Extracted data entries
____________

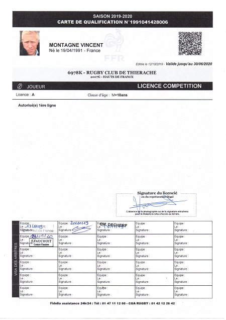Nom:   Montagne Prénom:   Vincent Date de naissance:   Vendredi 19 avril 1991 |
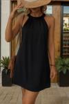 Kadın Daire Yakalı Omuzlardan Açık Sırt Dantel Detaylı Janjan Krep Elbise
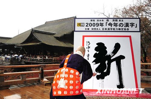 日本京都清水寺住持森清范挥毫写下日本2009年年度汉字“新”字。新华网华义摄
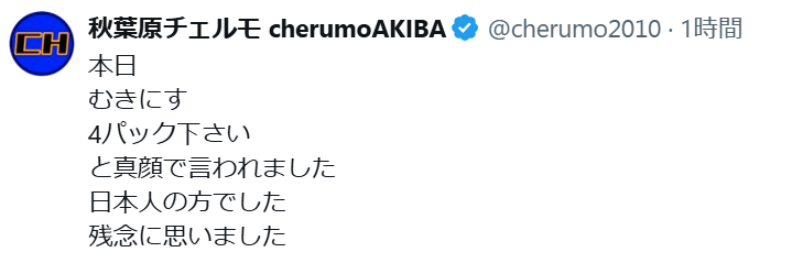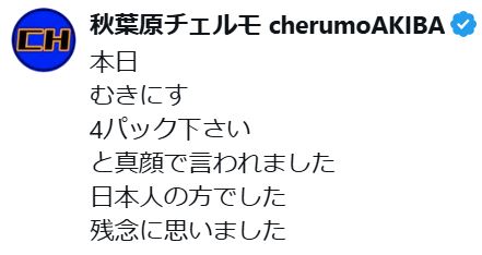 残念に思いました— 秋葉原チェルモ cherumoAKIBA (@cherumo2010) February 15, 2026
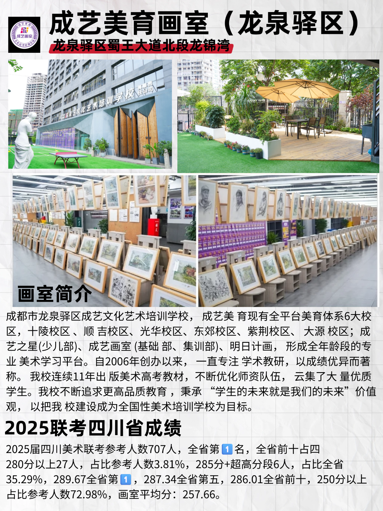 画室介绍:成都市龙泉驿区成艺文化艺术培训学校, 成艺美 育现有全平台美育体系6大校区,十陵校区 、顺 吉校区、光华校区、东郊校区、紫荆校区、 大源 校区;成艺之星(少儿部)、成艺画室 (基础 部、集训部)、明日计画, 形成全年龄段的专业 美术学习平台。自2006年创办以来, 一直专注 学术教研,以成绩优异而著称。 我校连续11年出 版美术高考教材,不断优化师资队伍, 云集了大 量优质学生。我校不断追求更高品质教育 ,秉承 “学生的未来就是我们的未来”价值观, 以把我 校建设成为全国性美术培训学校为目标。
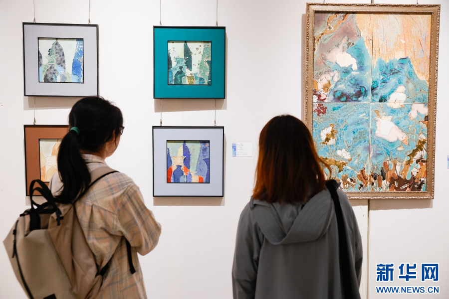 觀賞者正在欣賞瓷畫作品(4月30日攝)。新華網發(劉云 攝)
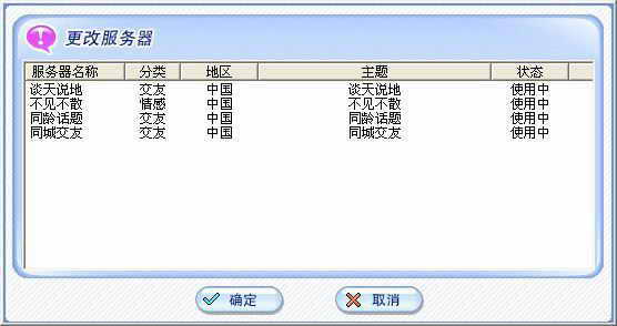 点击“GO”即跳出一个“正在下载设置所需的文件”提示框,此时需要稍等一会,才能进入哈哇ICU多人视频聊天室。刚进入聊天室,你会看到一个“更改服务器”的提示框(如图2所示),在此有四个服务器名称(谈天说地、不见不散、同龄话题、同城交友),你可以任选一个点击“确定”进入,然后再点击“进入”即可进入相关话题(此时已经来到了多人视频聊天室)。
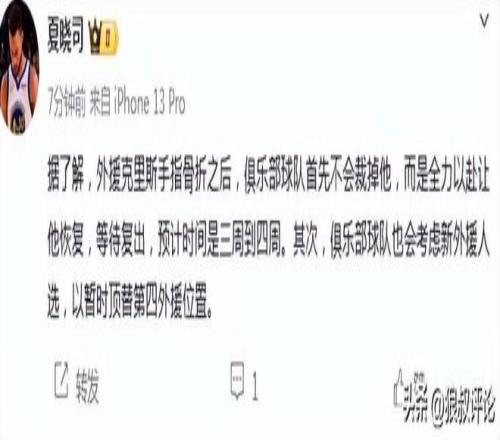 北京时间3月22日,根据媒体人“夏晓司”报道,外援克里斯手指骨折之后,俱乐部球队首先不会裁掉他,而是全力以赴让他恢复,等待复出,预计时间是三周到四周。其次,俱乐部球队也会考虑新外援人选,以暂时顶替第四外援位置。
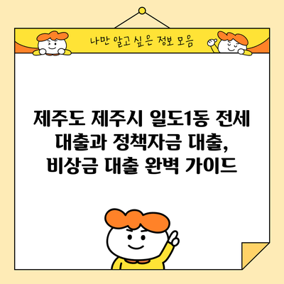 제주도 제주시 일도1동 전세 대출과 정책자금 대출, 비상금 대출 완벽 가이드
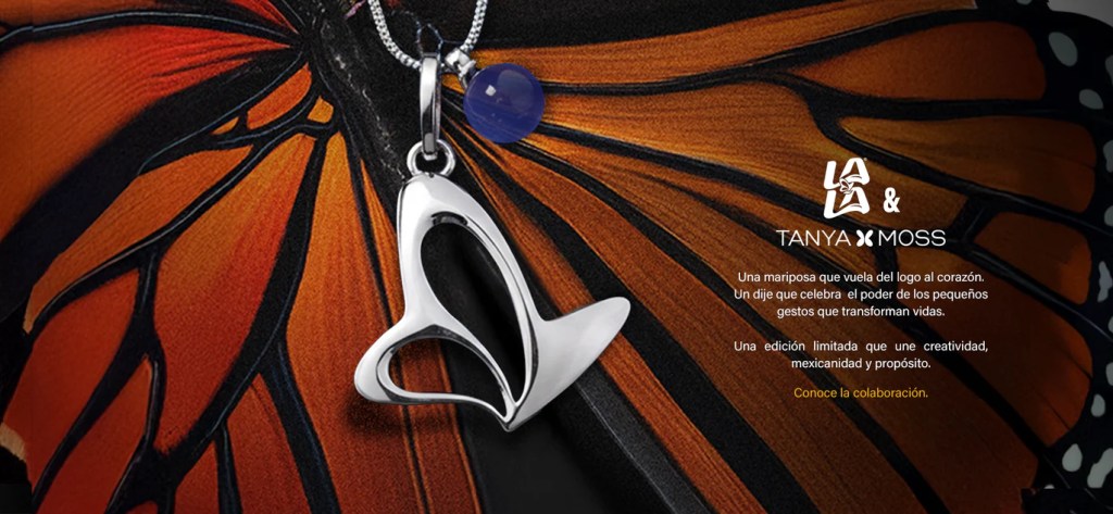 El collar se compone de un dije de una mariposa de plata idéntica a la del logo de Lala, con su cadena de plata. Como un lindo detalle adicional, lleva una cuenta de piedra Sodalita en tono azul, que representa «la verdad, la intuición y la fuerza interior». La joya es «un diseño con alma mexicana que no solo embellece, sino que también ayuda a cambiar vidas».
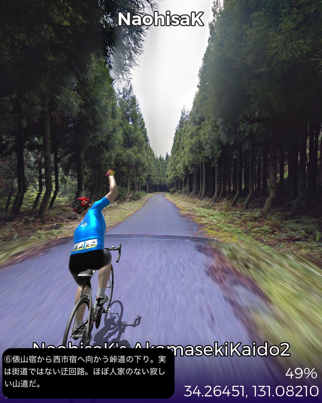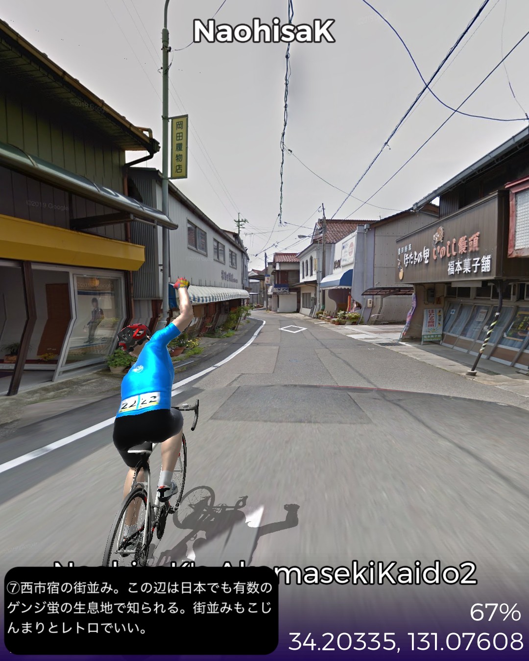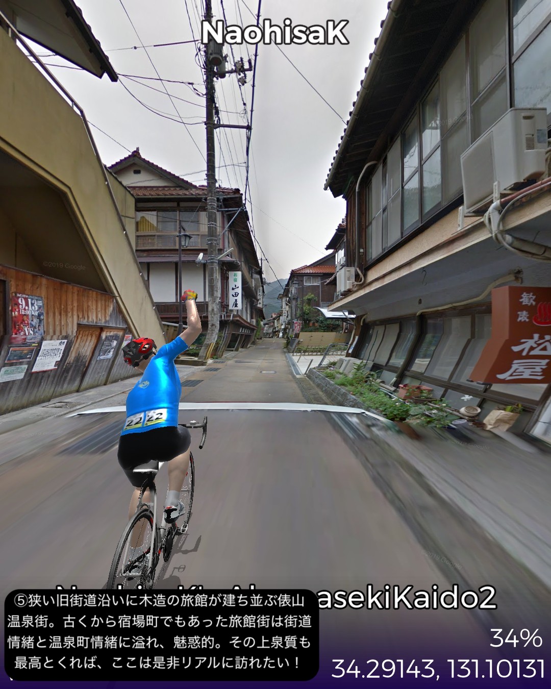 VRサイクリング、赤間関街道2日目。前回は北浦道筋を走ったが今回は北道筋を往く。前回のルートの途中、長門市街の深川を起点に南方の山の中へ進む。北道筋を俵山宿、西市宿まで進み、そこから街道を外れて方角東に転じて国道をひた走り美祢までの46kmの行程。今回のテーマは何といっても山の中のいで湯。北道筋沿いに2つの素晴らしい温泉地があった。長門市街にほど近い場所には大きな温泉地、長門湯本温泉。渓流沿いに比較的大型の旅館が建ち並び、The温泉という情緒を醸している。一時期寂れかけたが、イベントを充実させ設備もリニューアルして復興してきたらしい。ロシアのプーチン大統領が宿泊したり、星野リゾートが進出したりの話題もある。そこから一山超えた谷間に俵山温泉がある。ここは全く知らなかったが、さらに素晴らしい温泉地であった。山間の小さな町。狭い旧街道の両側に古い木造の小さな旅館が建ち並び、タイムスリップしたかのようなレトロで素朴な温泉街の雰囲気が漂っている。北道筋の宿場町としての雰囲気も感じられる。調べると小さい温泉地ながら1100年の歴史を誇り古くから毛利家御用達。泉質が強めのアルカリ性で水素に富み効能は西日本の横綱級というから驚く。近くに鉄道も高速道路もなく交通不便な場所だがその秘境っぽさもいい。思いがけず素晴らしい場所を発見した。ここは是非リアルにも訪れたいものだ。さて次回は美祢から秋吉台を通って萩へ戻る。
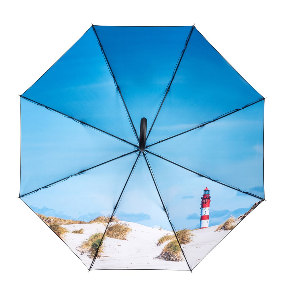 Neutraler Automatik-Stockschirm mit farbigem Motiv-Innendruck Komfortable Automatik-Funktion zum schnellen Öffnen, hochwertiges Windproof-PLUS-System für eine maximale Gestell-Flexibilität bei stärkeren Windböen, flexible Fiberglasschienen, von außen beschichteter Bezug mit Transferdruck innen, Soft-Touch-Rundhakengriff mit integrierter Auslösetaste und Werbeanbringungsmöglichkeit, höherer Korrosionsschutz durch schwarze Galvanisierung des Stahlstocks. Einige Farben auch als Taschenschirm (Art. 5593) erhältlich.

____________

▶ Problem details:
From the line with "VRサイクリング、赤間関街道" through the final line of the records above, return each line exactly and nothing else. Pictures are to be skipped.

▶ Task response:
 VRサイクリング、赤間関街道2日目。前回は北浦道筋を走ったが今回は北道筋を往く。前回のルートの途中、長門市街の深川を起点に南方の山の中へ進む。北道筋を俵山宿、西市宿まで進み、そこから街道を外れて方角東に転じて国道をひた走り美祢までの46kmの行程。今回のテーマは何といっても山の中のいで湯。北道筋沿いに2つの素晴らしい温泉地があった。長門市街にほど近い場所には大きな温泉地、長門湯本温泉。渓流沿いに比較的大型の旅館が建ち並び、The温泉という情緒を醸している。一時期寂れかけたが、イベントを充実させ設備もリニューアルして復興してきたらしい。ロシアのプーチン大統領が宿泊したり、星野リゾートが進出したりの話題もある。そこから一山超えた谷間に俵山温泉がある。ここは全く知らなかったが、さらに素晴らしい温泉地であった。山間の小さな町。狭い旧街道の両側に古い木造の小さな旅館が建ち並び、タイムスリップしたかのようなレトロで素朴な温泉街の雰囲気が漂っている。北道筋の宿場町としての雰囲気も感じられる。調べると小さい温泉地ながら1100年の歴史を誇り古くから毛利家御用達。泉質が強めのアルカリ性で水素に富み効能は西日本の横綱級というから驚く。近くに鉄道も高速道路もなく交通不便な場所だがその秘境っぽさもいい。思いがけず素晴らしい場所を発見した。ここは是非リアルにも訪れたいものだ。さて次回は美祢から秋吉台を通って萩へ戻る。
 Neutraler Automatik-Stockschirm mit farbigem Motiv-Innendruck Komfortable Automatik-Funktion zum schnellen Öffnen, hochwertiges Windproof-PLUS-System für eine maximale Gestell-Flexibilität bei stärkeren Windböen, flexible Fiberglasschienen, von außen beschichteter Bezug mit Transferdruck innen, Soft-Touch-Rundhakengriff mit integrierter Auslösetaste und Werbeanbringungsmöglichkeit, höherer Korrosionsschutz durch schwarze Galvanisierung des Stahlstocks. Einige Farben auch als Taschenschirm (Art. 5593) erhältlich.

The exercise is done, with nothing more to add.